Diante de inúmeras vezes que pessoas ligada ao B. Folha de Notícias que presenciaram em vários ônibus entre Recife e Jaboatão dos Guararapes-PE, pessoas sem nenhum tipo de comorbidades, inclusive jovens, sentados enquanto idosos, autistas e pessoas com outros tipos, que poderiam está naqueles assentos, viajavam em pé ou sentados pelos degraus dos coletivos e, isso fez com quê a equipe do B. FN, criasse essas informações no sentido de ajudar às pessoas a se conscientizar melhor sobre o respeito do direito dos Idosos e das pessoas com outros tipos de comorbidades a terem direitos ao assentos nos meios de transportes públicos.
Melhores detalhes você vai ler a baixo com a ajuda de uma postagem de outro site que trouxemos da Internet, para tentar ajudar à todos à ser mais consciente.

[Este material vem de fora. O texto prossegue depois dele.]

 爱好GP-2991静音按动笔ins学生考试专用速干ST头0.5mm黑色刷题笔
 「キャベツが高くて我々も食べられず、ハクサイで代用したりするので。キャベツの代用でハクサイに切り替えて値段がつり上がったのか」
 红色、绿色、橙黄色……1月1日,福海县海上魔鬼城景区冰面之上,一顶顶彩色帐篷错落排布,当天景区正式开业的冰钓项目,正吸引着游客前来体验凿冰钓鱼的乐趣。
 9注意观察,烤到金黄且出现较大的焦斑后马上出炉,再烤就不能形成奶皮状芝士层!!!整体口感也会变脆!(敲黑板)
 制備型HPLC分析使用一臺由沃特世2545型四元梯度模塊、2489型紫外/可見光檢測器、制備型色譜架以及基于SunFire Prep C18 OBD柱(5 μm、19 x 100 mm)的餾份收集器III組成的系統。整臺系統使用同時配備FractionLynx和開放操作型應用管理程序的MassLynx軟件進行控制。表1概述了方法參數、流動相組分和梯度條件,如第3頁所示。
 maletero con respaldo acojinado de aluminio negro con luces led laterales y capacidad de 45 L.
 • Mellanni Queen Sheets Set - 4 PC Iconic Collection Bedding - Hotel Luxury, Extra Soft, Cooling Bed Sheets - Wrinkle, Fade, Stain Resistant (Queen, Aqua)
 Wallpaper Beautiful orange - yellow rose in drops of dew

Texto a baixo foi reprodução/Internet:
A ocupação de assentos preferenciais por jovens enquanto idosos permanecem em pé nos ônibus é um problema frequente de cidadania no transporte público brasileiro, frequentemente gerando conflitos e vídeos virais. Embora amparado pelo Estatuto do Idoso (Lei 10.741/2003), o desrespeito a assentos garantidos gera riscos de quedas e fraturas graves, especialmente para idosos.

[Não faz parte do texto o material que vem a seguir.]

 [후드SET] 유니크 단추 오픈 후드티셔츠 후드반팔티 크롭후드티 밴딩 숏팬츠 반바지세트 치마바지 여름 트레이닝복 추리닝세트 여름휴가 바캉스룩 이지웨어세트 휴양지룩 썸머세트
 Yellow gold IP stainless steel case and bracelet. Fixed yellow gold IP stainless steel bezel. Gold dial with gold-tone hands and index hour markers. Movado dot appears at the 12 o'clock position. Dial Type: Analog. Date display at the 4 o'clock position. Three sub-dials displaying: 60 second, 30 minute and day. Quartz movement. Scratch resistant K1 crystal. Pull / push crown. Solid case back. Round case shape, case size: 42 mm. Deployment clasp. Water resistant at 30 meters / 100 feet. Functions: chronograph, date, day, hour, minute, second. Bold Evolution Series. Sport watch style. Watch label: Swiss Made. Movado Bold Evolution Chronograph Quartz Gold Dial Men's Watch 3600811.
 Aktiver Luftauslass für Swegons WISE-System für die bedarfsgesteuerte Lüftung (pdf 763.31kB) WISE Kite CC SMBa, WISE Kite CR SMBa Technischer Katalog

Pontos-chave sobre a situação:
Conflitos e Exposição: Vídeos nas redes sociais frequentemente mostram discussões calorosas e troca de ofensas entre jovens e idosos disputando o espaço, evidenciando a falta de empatia e respeito no cotidiano.
Segurança em Risco: A permanência de idosos em pé é perigosa, aumentando o risco de acidentes, quedas e fraturas, mesmo que os idosos sejam ativos, devido à falta de equilíbrio e arrancadas dos ônibus.
Assentos Preferenciais: A legislação garante assentos para idosos, gestantes, pessoas com deficiência e com crianças de colo, sendo seu desrespeito uma violação de direitos.
Educação e Cultura: A situação reflete uma falta de conscientização social sobre o respeito à terceira idade, muitas vezes com jovens utilizando celulares e ignorando a presença de idosos.
A situação evidencia a necessidade de maior educação cívica e, por vezes, a intervenção do motorista ou cobrador para mediar o uso correto dos assentos preferenciais.